Otros derechos examinados en la jurisprudencia de la Corte y en la obra de las profesoras francesa y española: derecho a la nacionalidad, derechos de participación política y "derechos que posibilitan el ejercicio de los demás derechos, los <<derechos a los derechos>>", como los denominan nuestras tratadistas (p. 81). En este campo hay reflexiones y avances apreciables: vinculación (tema sujeto a debate) entre los artículos 8o. (garantías judiciales) y 25 (protección judicial de derechos fundamentales), restricción material y personal de la jurisdicción castrense, derecho a la verdad, materia en la que "la Corte de San José ha sido pionera"; aquí "trata de dar respuesta a un pasado difícil de afrontar y que en otros muchos lugares del mundo no ha dado lugar a pronunciamiento judicial alguno" (p. 87). Al sostener que este derecho abarca el conocimiento de toda la verdad", la Corte Interamericana "se convierte, una vez más, en abanderada de la justicia en el continente americano, creando una jurisprudencia fascinante e innovadora" (p. 90).

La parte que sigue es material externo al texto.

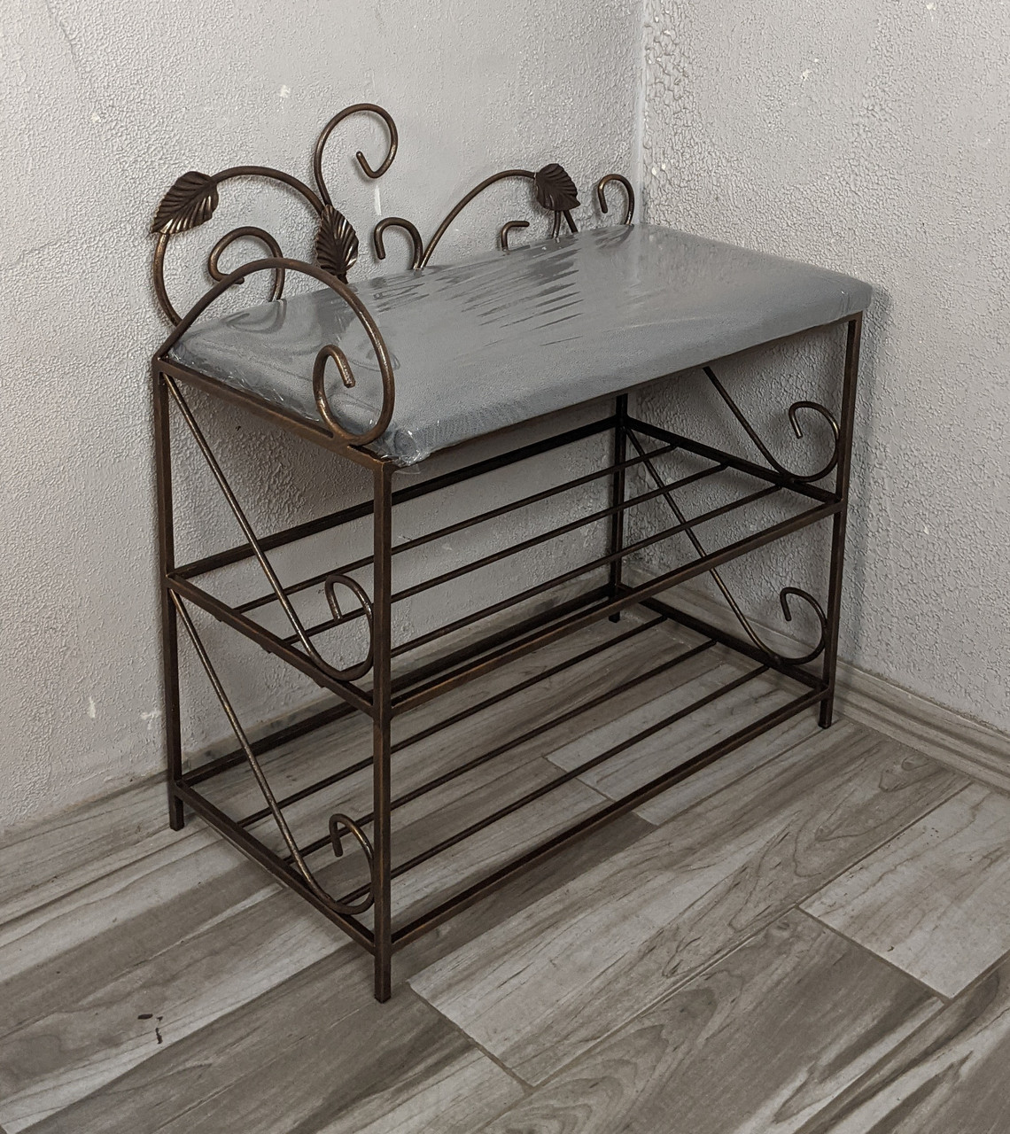 Банкетка для взуття доставляється у готовому вигляді, її не потрібно збирати. Цілісність та нерозбірливість конструкції забезпечує високу міцність банкетки.

Cuando examinan la composición histórica de la Corte Interamericana, a partir de su establecimiento en 1979, las autoras mencionan un tema que captó la opinión consultiva OC–20/2009, solicitada por el gobierno de Argentina y emitida después de la preparación y edición del libro que ahora comento: los jueces ad–hoc. ¿Es pertinente —conforme a la Convención Americana— la presencia de jueces ad–hoc en el conocimiento de contiendas desencadenadas por una denuncia individual, no por una demanda estatal (casos interestatales)? ¿Lo es la intervención (en el desempeño de la competencia contenciosa) de jueces que tienen la nacionalidad del Estado demandado?

La Corte Interamericana ha respondido negativamente a ambas interrogantes. Para ello proporciona sólidos argumentos, que acojo y analizo en un extenso voto particular concurrente, el último que emití en mi desempeño como miembro de la Corte. Estimo que en este punto —relativo a una reflexión del tribunal sobre sí mismo: su propia composición, para bien de la justicia— también hay un buen paso adelante.

Dejo aquí el comentario sobre la obra de las profesoras Laurence Burgorgue–Larsen y Amaya Úbeda de Torres, que merecería muchas páginas más, impracticables en una nota bibliográfica. Contribuye significativamente al adecuado conocimiento de la jurisdicción interamericana —señalando, como dije, el claroscuro que existe en el desarrollo de una jurisprudencia en formación, relativamente joven—, pero también, y sobre todo, al afianzamiento de un indispensable sistema supranacional de protección de los derechos humanos, que remueva escollos y promueva progresos en el ámbito de los países americanos.